How World War I shaped the course of the black experience in the twentieth century
World War I brought about tremendous change for African Americans and their place in American society.
This article is extracted from Chad Hamilton's essay "African Americans and World War I", which can be read in full here...
World War I was a transformative moment in African-American history. What began as a seemingly distant European conflict soon became an event with revolutionary implications for the social, economic, and political future of black people.
The war directly impacted all African Americans, male and female, northerner and southerner, soldier and civilian. Migration, military service, racial violence, and political protest combined to make the war years one of the most dynamic periods of the African-American experience. Black people contested the boundaries of American democracy, demanded their rights as American citizens, and asserted their very humanity in ways both subtle and dramatic.
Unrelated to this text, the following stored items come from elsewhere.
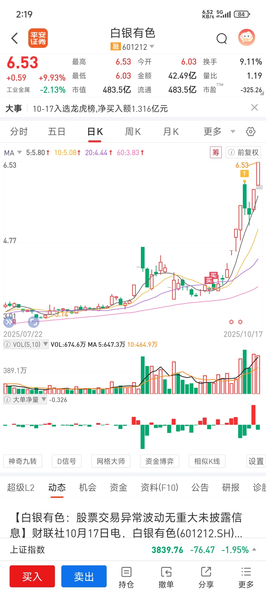 $白银有色(SH601212)$ 留了1000股,留下的兄弟发财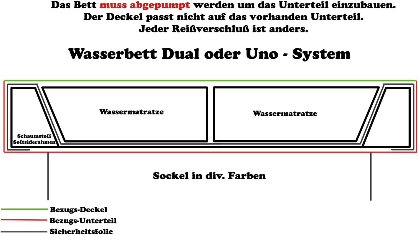 - Auflage ist mittig durch einen Reissverschluss teilbar - für Uno und Dual Wasserbetten Systeme geeignet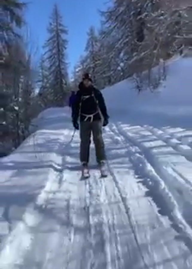 A person is skiing on a snowy path through a forest on a sunny day. The skier wears a black jacket, grey pants, and a black backpack. The path is lined with snow-covered trees. The camera shows the skier's point of view as they glide along the track. The skier appears to lose balance and falls, causing the camera to briefly show the ground.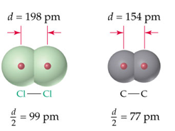 One half the distance between the nuclei of identical atoms that are bonded together.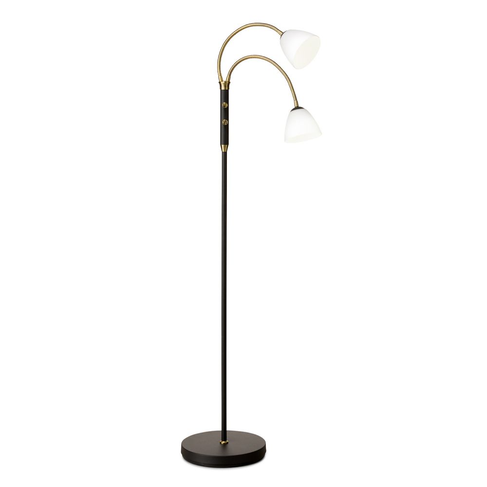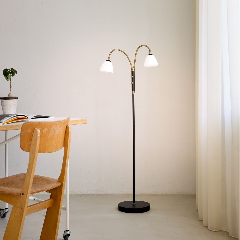 Zweiflammige dimmbare Bodenstehleuchte mit beweglichen Armen in schwarz, antikem Messing und Opalglas Skandinavische 2-flammige Bodenstehleuchte mit Metallfuß in Schwarz und gebürstetem Messing, bewegliche Arme, Schirme aus Opalglas, 140 cm hoch, mit 200 cm Kabel.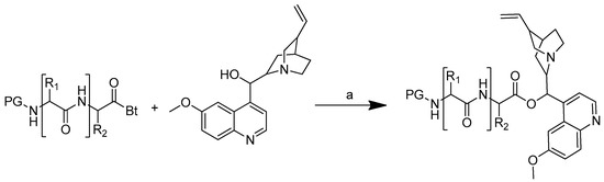 The synthetic strategy used was to form an ester bond between the quinine and amino acid or peptide. The amino acid or peptide was selected based on the difference in the amino acid polarity. Quinine was O-acylated with N-protected acylbenzotriazoles in the presence of anhydrous potassium carbonate in anhydrous DMF for 10 to 30 min at 50 °C to produce amino acid and peptide conjugates of quinine (Scheme 4). The reaction time was shortened by utilising microwave irradiation, which is important for minimising the formation of epimers during the conjugation process [51].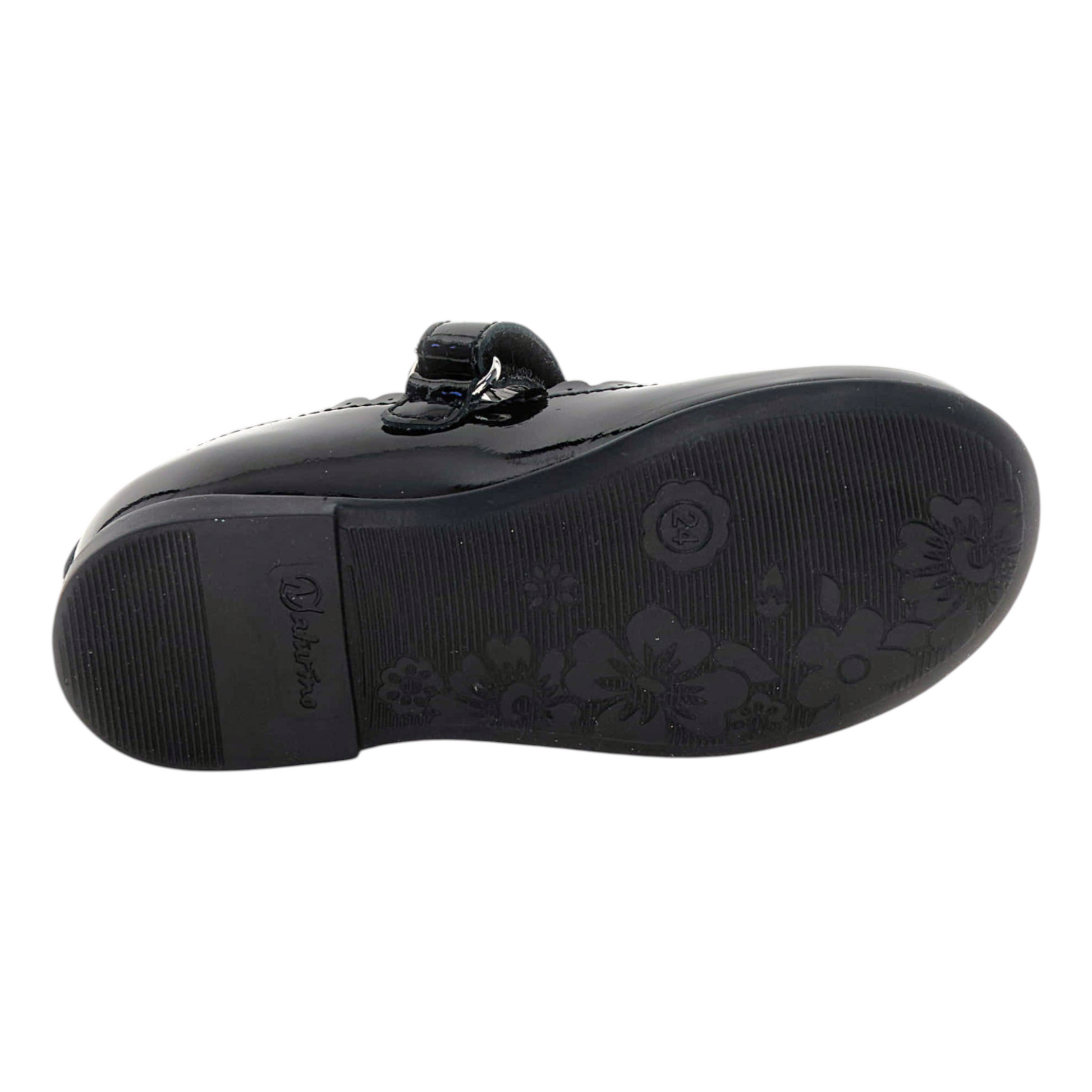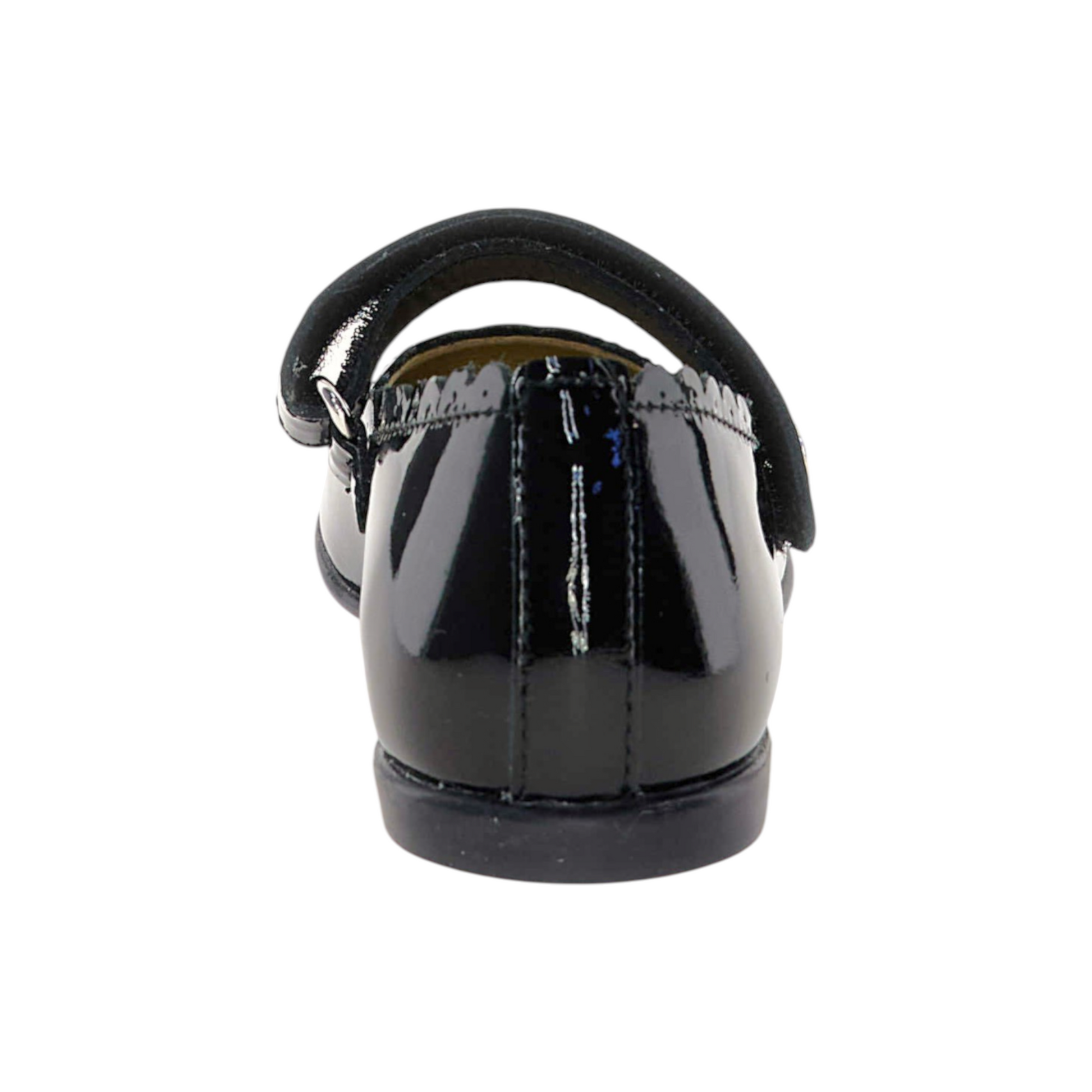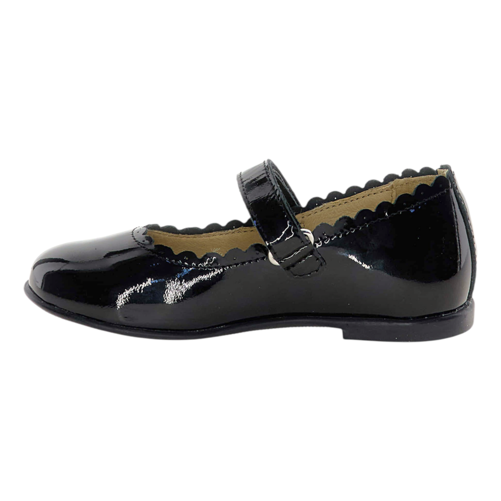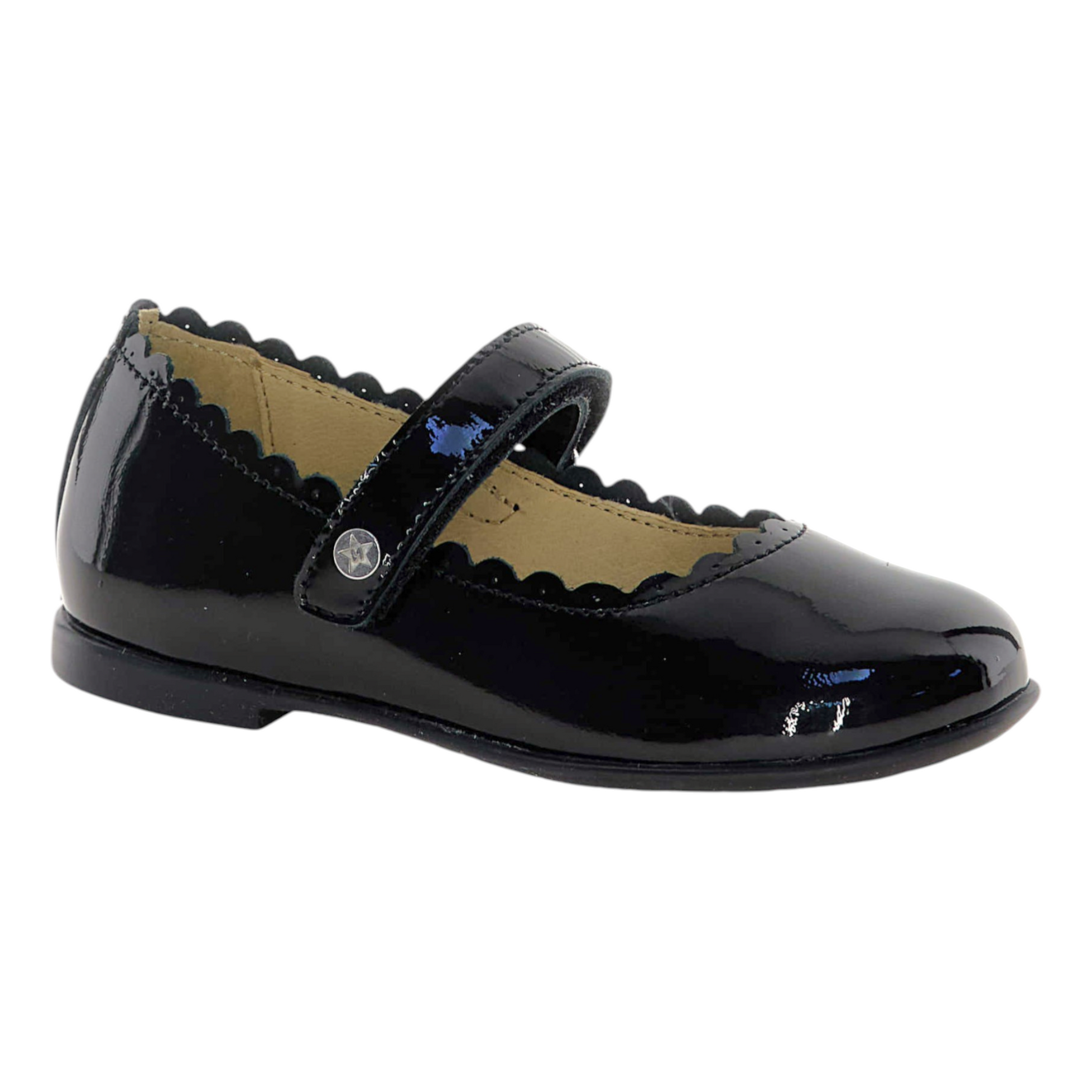 Mary Jane ballet flat with soft calfskin upper. The model features a scalloped edge, strap with metal star, leather lining and insole. Thin rubber sole.

Recognizing the significance of World War I is essential to developing a full understanding of modern African-American history and the struggle for black freedom.
When World War I ended on November 11, 1918, African Americans anxiously and optimistically hoped that their patriotic sacrifices would have a positive impact on race relations and expand the boundaries of civil rights.
Political leaders attempted to exert influence on the Versailles peace proceedings. W. E. B. Du Bois organized a Pan-African Congress, held in Paris from February 19 to 21, 1919, which challenged the legitimacy of European colonialism. William Monroe Trotter of the Equal Rights League was so determined to reach Paris that, after being denied a passport by the State Department, he obtained passage as a cook and ultimately presented his case to the peace conference.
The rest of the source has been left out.